Although no statute of limitations should limit this research, practically speaking it should concern itself with the recent period from circa 1950 – 2010.
Prior to writing this post, I checked at the Diocese of Victoria and Saint Andrew’s Cathedral websites, and was shocked and disappointed to find nothing of relevance to these horrific newstories easily found in all the world’s newspapers.
The silence of the present bishop (Richard Gagnon), the Cathedral Rector Father John Laszczyyk, other priests and their bureaucrats at the Diocese and at the Cathedral with respect to this problem is deafening.
It is also time to open the secret sex and sadistic physical abuse history files, allow the victims, priests, or other sane people with any credible allegations or new information about old or ongoing cases of sexual or sadistic physical abuse by priests, brothers or nuns in the Diocese of Victoria to finally come forward in a public forum to set the record straight.
If need be, those victims should press criminal charges, and those guilty priests or other sexual predators should confess and turn themselves in to the secular authorities.
To finally bring justice to the victims, to properly prosecute predators, and to protect innocent priests, brothers and nuns, the best course of action is to allow the presumption of innocence to be maintained in a secular court , until such time as clear culpability is determined.
The Church should be co-operating with all legitimate secular authorities needing legitimate access to legal or other documents, rather than resorting to scapegoating practices of obfuscation, defence or evasion.
So as to protect the laity from having their parish churches sold off to pay out victims, the Diocese should divest the Bishop of Victoria from his legal title to all properties currently ‘owned’ by him (as ‘corporation sole’), and deed them back to the parishes.
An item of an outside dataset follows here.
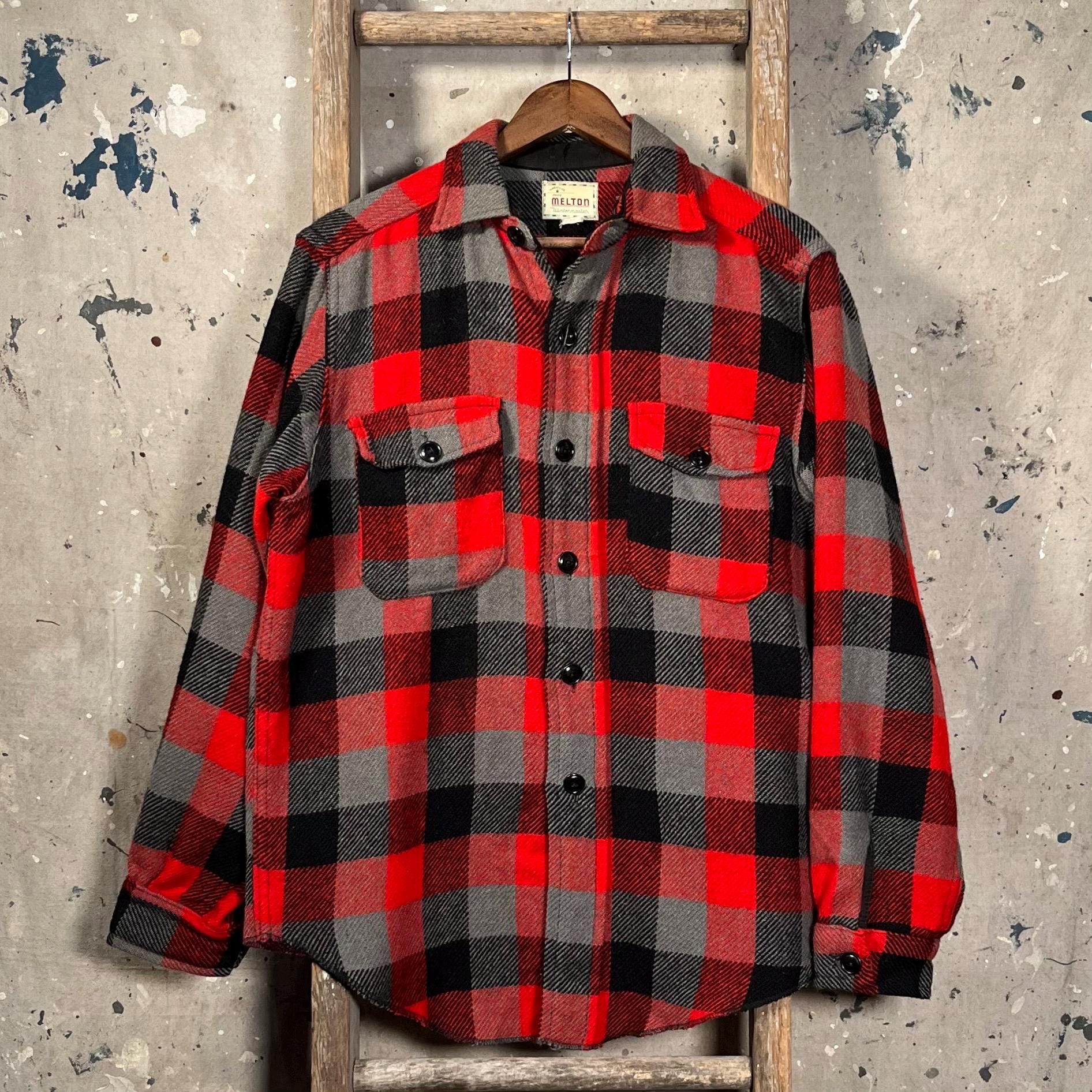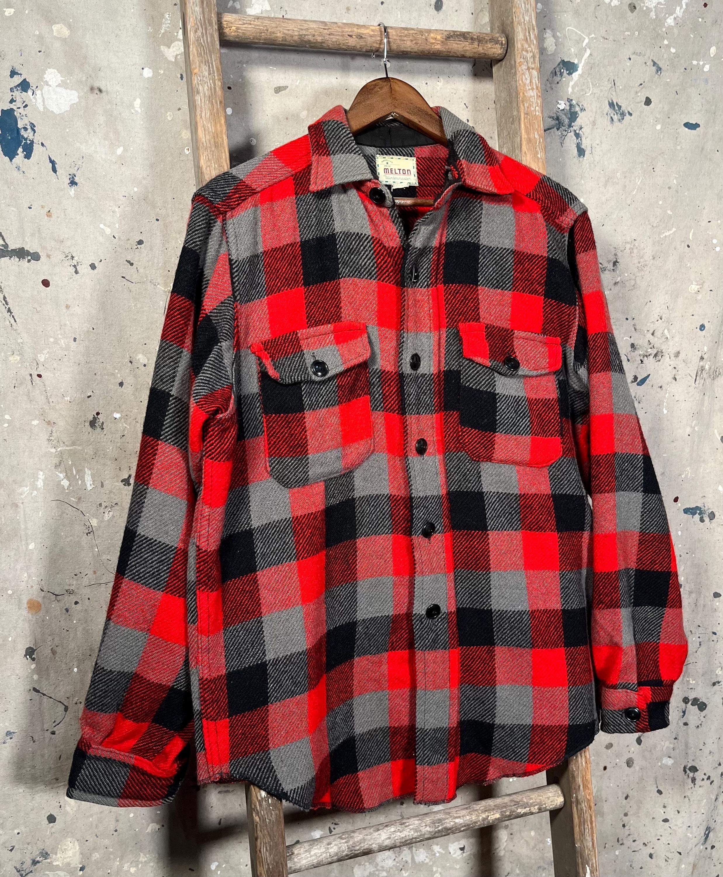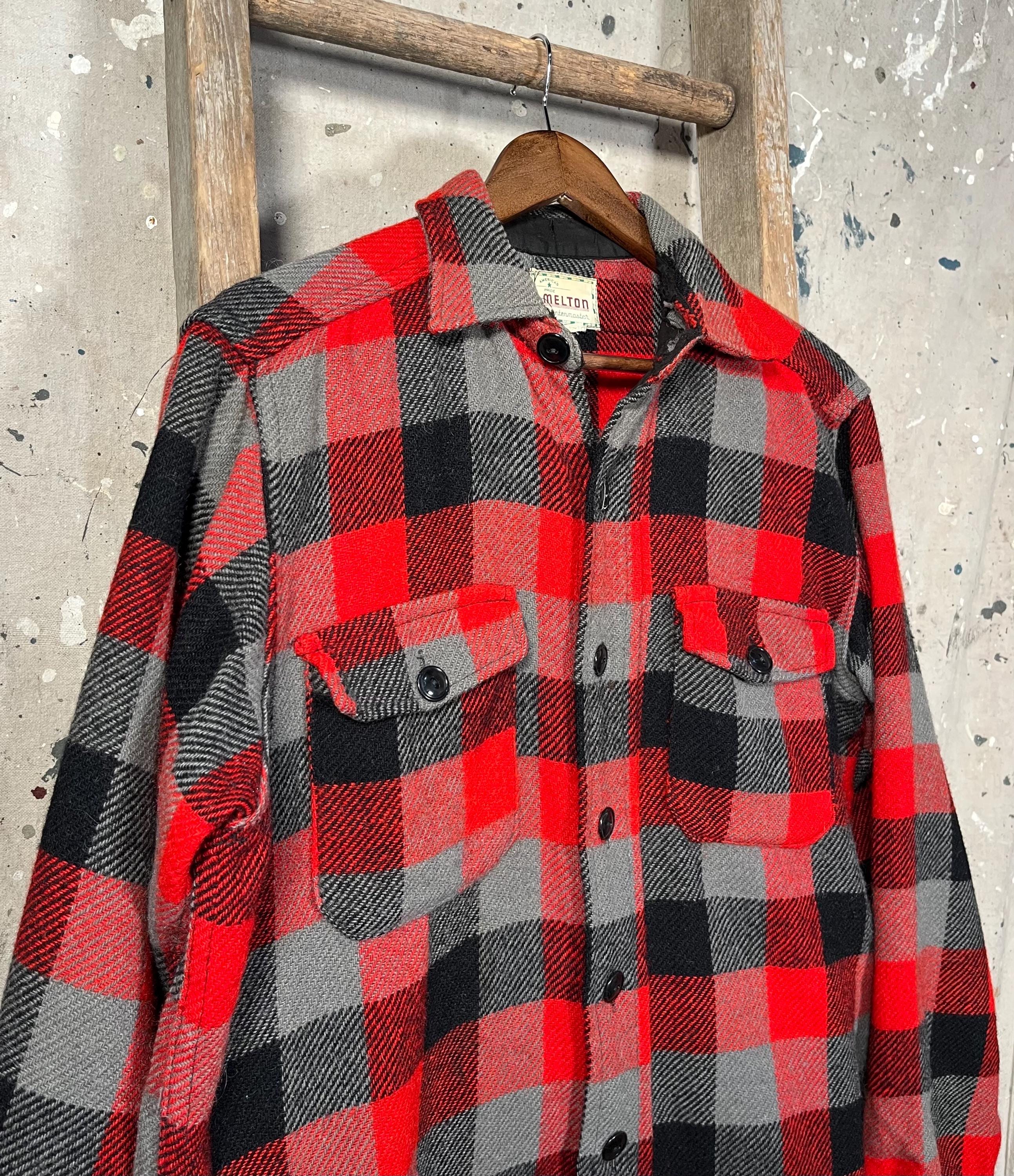 1960s / 70s Melton wool shirt. Heavy wool , black / gray plaid button down. Features two chest pockets . Natural distressing throughout, see photos . Good condition

Compensation to victims should be paid by the abuser himself.
If that is not possible because of insolvency, parish councils should help the priest or bishop pay the victims with loans taken out on the equity of parish properties.
Under no circumstances should parishioners lose their parish churches because of the criminal sins of their priests or bishops, as this compounds the injustice already done to the victims by further victimizing innocent parishioners.
Once he has ordered these inventories and forums to be done in every Diocese on the planet, the Pope and all Cardinals who elected him should resign.
They should all make themselves available for interrogation by any and all police agencies that might need to talk to them.
Our prayers will be with them, as they would be extended to any miserable Christian sinner who repents, that the grace of God’s infinite mercy might soften their stiff necks, and help them repent of their foolish pride.